**ACTIVITY:** All lines from the one bearing "사용내역 입력 및 잔여연차를 일괄 소진 이월할 수 있습니다." through the end of the data below must be printed exactly as they stand, with pictures removed.

**RECORDED INFORMATION:**
#####

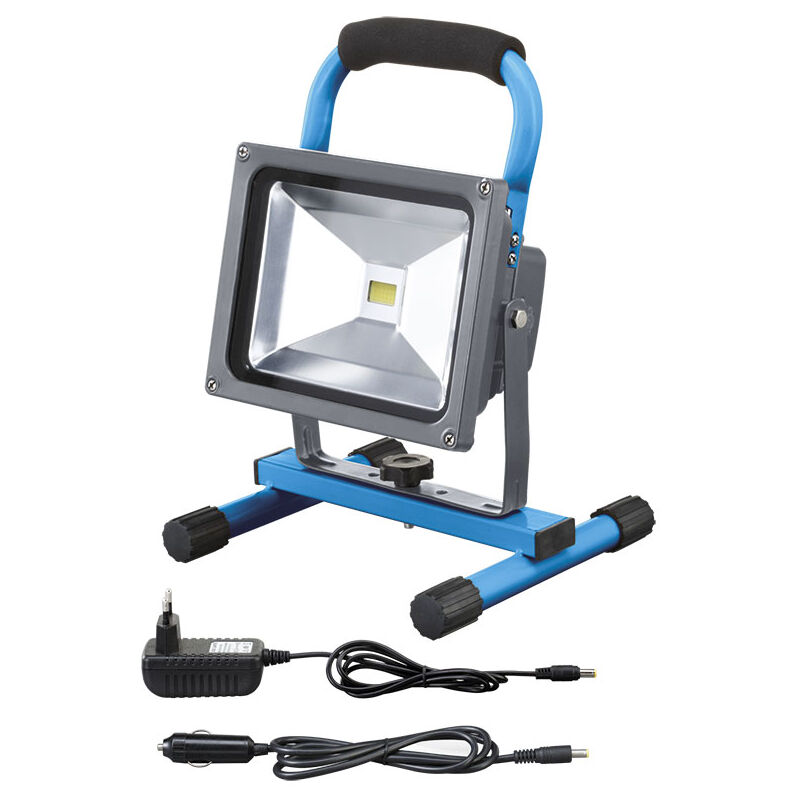FARETTO A LED RICARICABILE 20W 600/1450 lm FERVI 0445/20 CON INTERRUTTORE PER FUNZIONAMENTO A 600 lm, RICARICA AUTO CON SPINA PER ACCENDISIGARI E ALIMENTATORE 230 V DA CASA, ROBUSTO SUPPORTO ORIENTABILE Caratteristiche tecniche: Alimentazione: DC 12 - 24 V, 20 W;
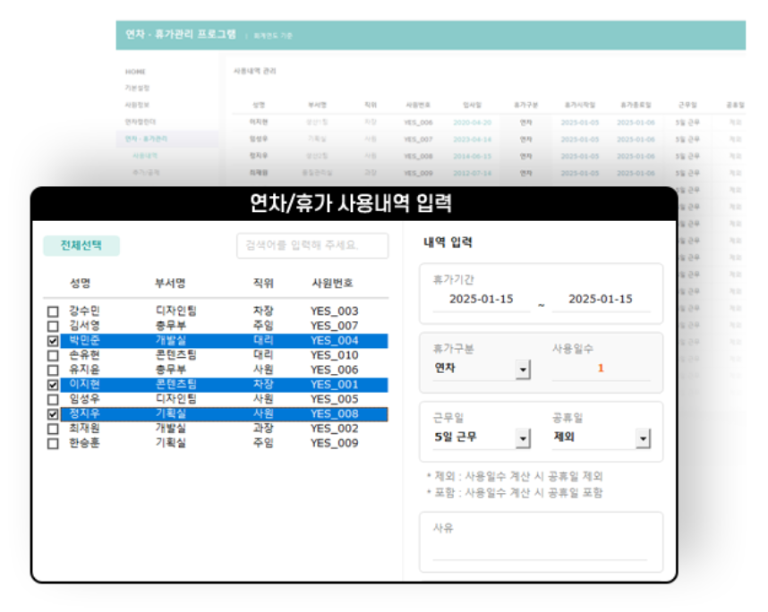 사용내역 입력 및 잔여연차를 일괄 소진 이월할 수 있습니다.
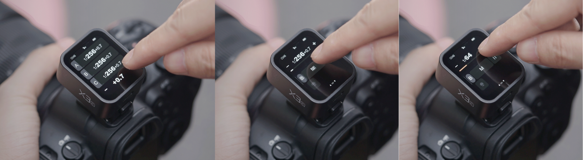 Ya sea que prefieras la simplicidad del modo TTL o el control preciso del modo manual, el X3 te permite cambiar entre ellos rápidamente.
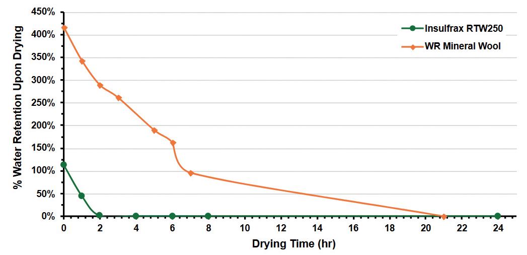 Figure 3. Steam is incredibly permeable throughout the Insulfrax RTW250 Blanket when saturated with water, providing a quick drying solution. Traditional water resistant mineral wool loses water repellent properties after submersion in water and is much slower to dry; requiring at least 8 hours at 45°C.

#####

**EXERCISE RESULT:**
 사용내역 입력 및 잔여연차를 일괄 소진 이월할 수 있습니다.
 Ya sea que prefieras la simplicidad del modo TTL o el control preciso del modo manual, el X3 te permite cambiar entre ellos rápidamente.
 Figure 3. Steam is incredibly permeable throughout the Insulfrax RTW250 Blanket when saturated with water, providing a quick drying solution. Traditional water resistant mineral wool loses water repellent properties after submersion in water and is much slower to dry; requiring at least 8 hours at 45°C.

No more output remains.